Addressing journalists in Accra, MPC Chairman and Governor of the Bank of Ghana, Dr Johnson Asiama, said the decision reflected sustained progress in the fight against inflation, a calmer foreign exchange market, and improving short-term expectations among businesses and consumers.
“Inflation has continued to ease faster than anticipated, supported by a more stable exchange rate and lower underlying pressures. The Committee therefore saw room to provide additional support to the economy while maintaining a prudent stance,” Dr Asiama explained.
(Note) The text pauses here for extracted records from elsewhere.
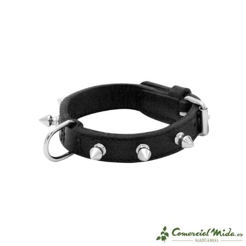 Su diseño clásico en piel de color negro con tachuelas es uno de los collares más utilizados por los dueños. Este collar viene con distintas dimensiones para ajustarse a diferentes tamaños del cuello de perro.
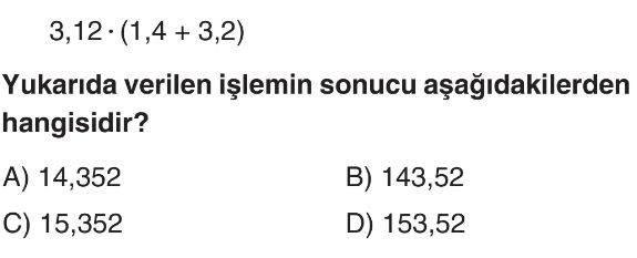 6. Sınıf Ondalık Gösterimlerde Çarpma İşlemi Test 7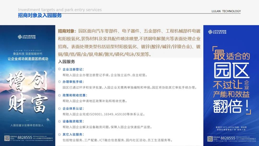 区域电镀产业聚集,上下游产业完备,产业基础雄厚,市场醇熟,周边基础建设加速奔现中,电镀作为五金产业链中不可或缺的一道工艺,随着五金产业的集群,电镀产业也在不断发展,山东华业鲁蓝表面科技生态示范园的建成,补齐了五金产业链中必不可缺的重要一环。入园企业可依托所在区域在产城融合、政策服务、金融服务等方面的厚植优势,实现上下游集聚,共建产业链条,携手加速资源整合,共聚强劲产业效应,推进全产业链的交流与合作。同时,受产业政策及区域政策辐射,入驻产业园,对企业的利好包括但不限于租金减免(同地段同品质,园区租金更低)、税收返还、人才 / 科研项目奖励、金融扶持等,以及政企对接、业务代办、专项补贴,省市级普惠政策倾斜等。
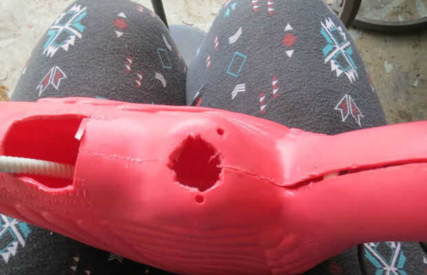 Pensé podría ser capaz de empujar solo la parte de la lámpara llevada hasta el cuello pero fue demasiado amplia. La ilustración (mal dibujada) muestra cómo la lámpara sólo es empujada a través de la parte inferior. No es la manera más limpia pero funciona.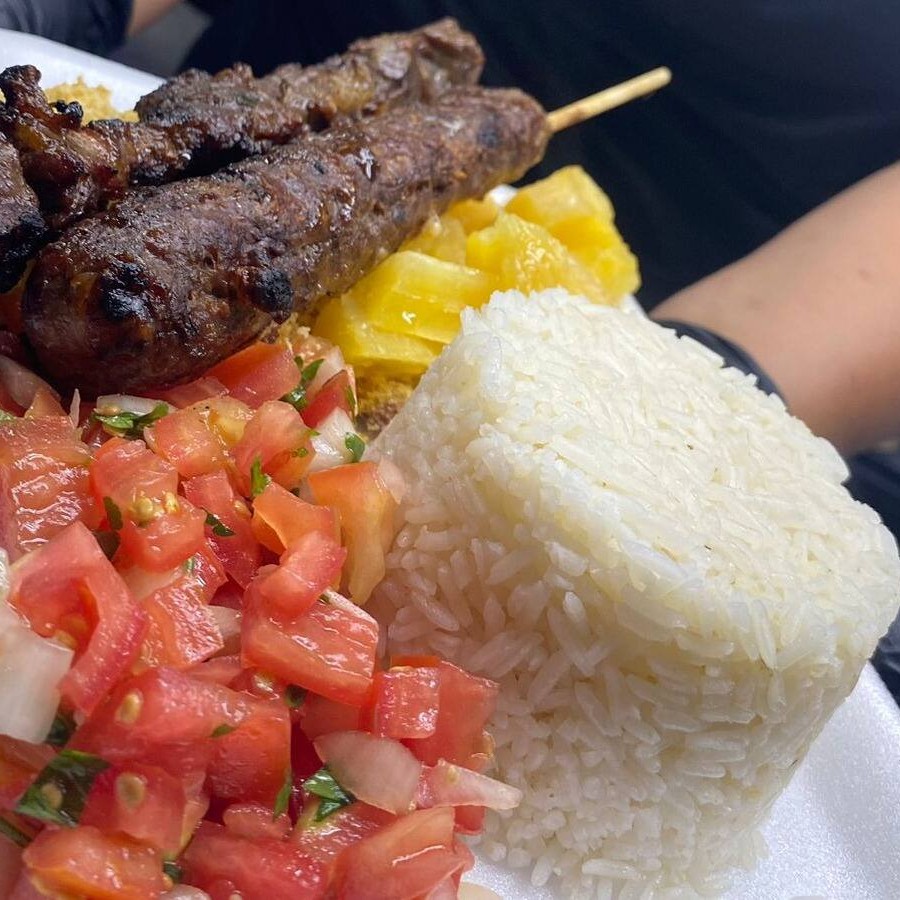 Delicie-se com a nossa 'Jantinha com Arroz Branco', um final perfeito para o seu Dia. Este prato traz uma porção generosa de arroz branco, cozido à perfeição e incrivelmente soltinho. Acompanhando, temos uma farofa temperada, de textura crocante e sabor riquíssimo. Para dar um toque de frescor, apresentamos um vinagrete vibrante, que traz um equilíbrio de acidez à refeição. E, para finalizar com maestria, escolha dois espetos ao seu gosto, preparados meticulosamente para garantir o máximo de sabor. Esta 'Jantinha com Arroz Branco' une simplicidade e sabor, proporcionando uma experiência culinária única a cada garfada.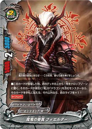 - When this card enters the field, choose up to one size 3 or greater monster with "Dragon" in its attribute from your drop zone, and you may destroy another monster on your field. If you do, put the chosen card to your hand, put the top card from your deck into your gauge, and you gain 1 life.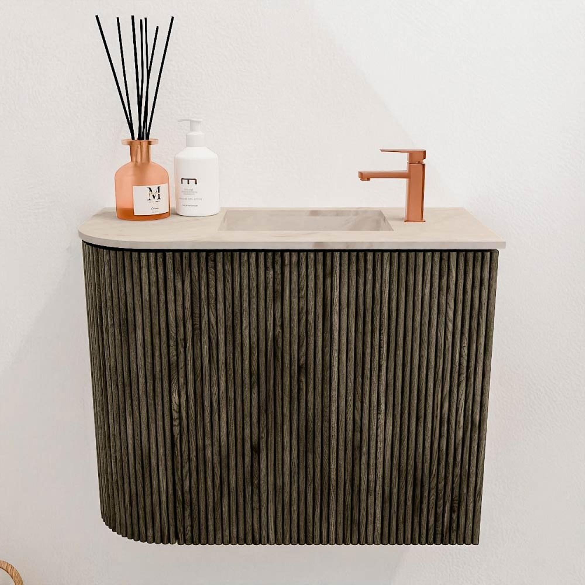 Mondiaz JOYA-DLUX Meuble de salle de bains - 51,6cm - arrondi gauche couleur Shadow - Vasque FAYE position Droite 1 trou de robinet couleur Frappe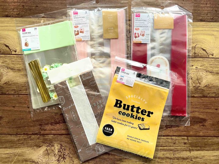 お菓子をおすそわけしたり、旅行のお土産を渡したり、集金のお金を入れたり。ちょっとした袋があるといいなと思う場面って、結構ありますよね。そんな時に、可愛くて小さなラッピング袋があると意外と重宝します。ラッピング用品は、今この時期に100均で買っておくのがおすすめですよ。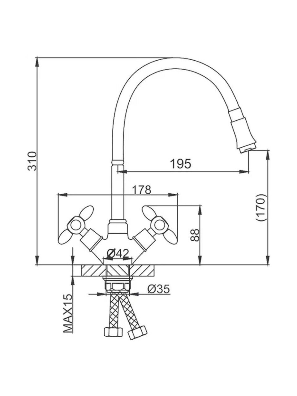Высота излива — 17 см, длина — 19,5 см. Излив гибкий, что позволяет легко менять направление потока воды.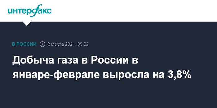Москва. 2 марта. INTERFAX.RU - В России в первые два месяца 2021 года объем добычи газа увеличился на 3,8% в годовом измерении составил 130,66 млрд кубометров, говорится в оперативной сводке ЦДУ ТЭК. Поправка на високосный год учтена.

The rate cut marks the latest step in a series of interventions aimed at consolidating macroeconomic gains after a period of severe price instability and exchange rate volatility. With headline inflation declining sharply over the past twelve months buoyed by improved food supply conditions, moderating international commodity prices, and stronger monetary discipline. The MPC believes conditions are ripe for easing borrowing costs to stimulate private sector activity.
Analysts say the 18 per cent rate provides a stronger signal to banks to review lending rates downward, potentially unlocking credit for businesses and cushioning households burdened by high repayment costs. Sectors such as manufacturing, agribusiness, and construction may benefit most from the improved financing environment if commercial banks respond swiftly.
Dr Asiama stressed that the Committee’s focus remains on safeguarding hard-won stability, even as it gradually shifts toward supporting growth. “The rate reduction is consistent with our commitment to guide the economy toward a lower and more sustainable interest rate environment, without compromising the hard-won gains in stability,” he said.
Market watchers note that the policy direction aligns with the government’s medium-term recovery strategy, which targets a more predictable investment climate and lower cost of capital to spur economic expansion. The relatively calm foreign exchange market supported by improved inflows, enhanced reserve buffers, and tighter regulation of forex demand has further strengthened confidence in the central bank’s easing cycle.
For many businesses and consumers, the latest policy decision brings cautious optimism. While lending rates remain structurally high, the MPC’s assertive approach signals a shift toward more accommodative monetary conditions that could improve liquidity and business resilience heading into 2026.